The drop in accuracy is in part a limitation of our simple linear model trying to make use of a feature pulling the model in the wrong direction. Making the most out of your data involves a mix of understanding the data and the applied algorithm(s) (which don’t understand anything). Using three different linear models yields better results:
from sklearn.model_selection import train_test_split
from sklearn.linear_model import LinearRegression
from sklearn.metrics import mean_squared_error
df_dummy = pd.get_dummies(df)
df_dummy
df_s = df_dummy.loc[df_dummy['type_Iris-setosa'] == 1].drop(columns=['type_Iris-versicolor', 'type_Iris-virginica'])

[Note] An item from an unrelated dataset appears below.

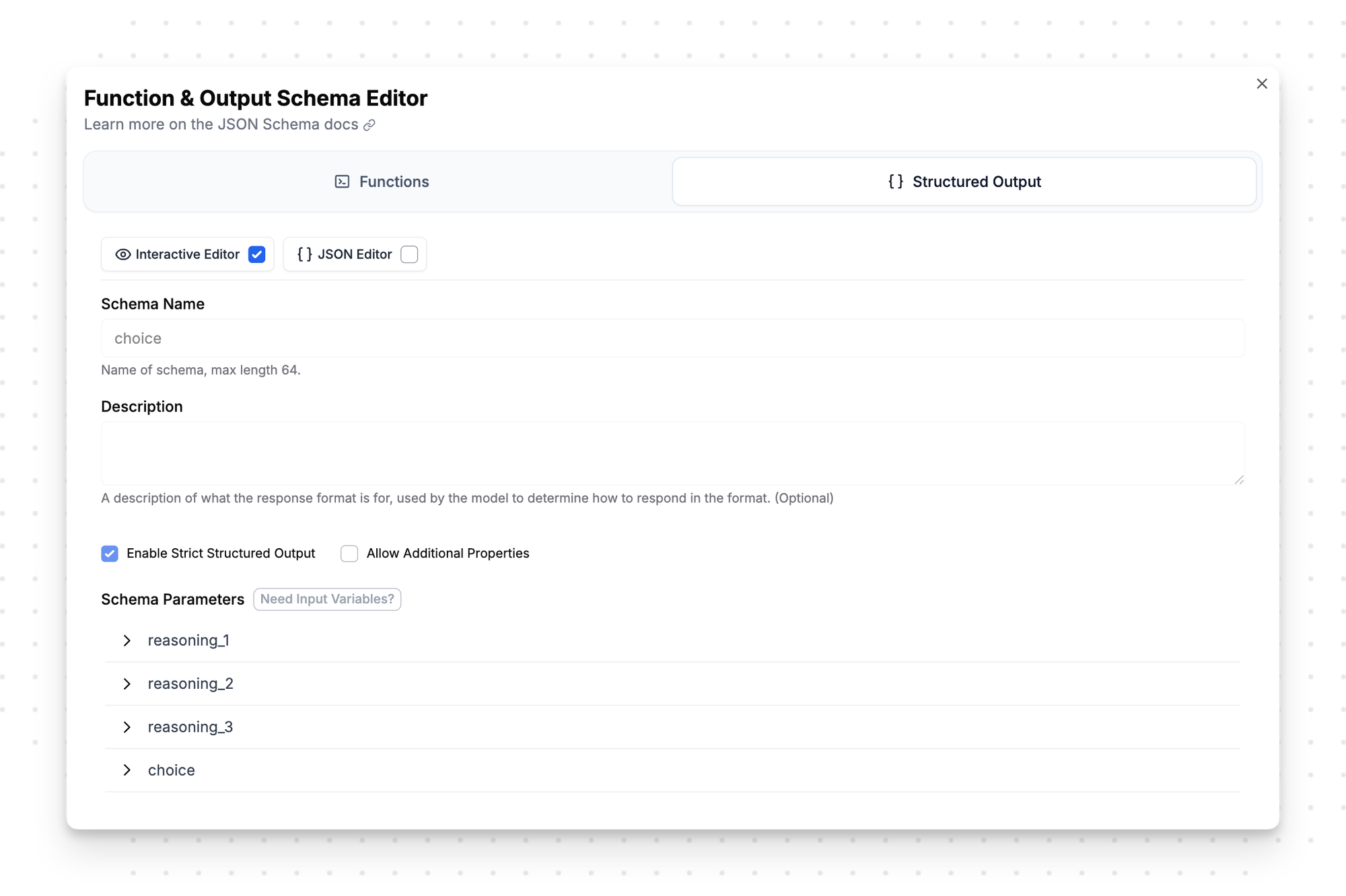 PromptLayer even has an interactive editor for defining structured output JSON. See screenshot below.

df_v = df_dummy.loc[df_dummy['type_Iris-versicolor'] == 1].drop(columns=['type_Iris-setosa', 'type_Iris-virginica'])
df_g = df_dummy.loc[df_dummy['type_Iris-virginica'] == 1].drop(columns=['type_Iris-setosa', 'type_Iris-versicolor'])
def line_regression_pipe(df_list):
for df in df_list:
X = df.drop(columns=['sepal-length']) #indpendent variables
y = df[['sepal-length']].copy() #dependent variables
#split the variable sets into training and testing subsets
X_train, X_test, y_train, y_test = train_test_split(X, y, test_size=0.333, random_state=41)
linear_reg_model_a = LinearRegression()
linear_reg_model_a.fit(X_train,y_train)
y_pred = linear_reg_model_a.predict(X_test)
sme = mean_squared_error(y_test, y_pred)
print('MSE of ' + df.columns[4] + ' is :' + str(sme) )
df_list = [df_s, df_v, df_g]
line_regression_pipe(df_list)
MSE of type_Iris-setosa is :0.06604867484155268
MSE of type_Iris-versicolor is :0.09862408497975977
MSE of type_Iris-virginica is :0.0802189108860733
The goal of this section was to illustrate how to incorporate independent categorical variables. Though it starts with converting strings to numbers, how those conversations are done is important to consider. Moreover, the introduction of more features can impact both the computational efficiency and accuracy of the model.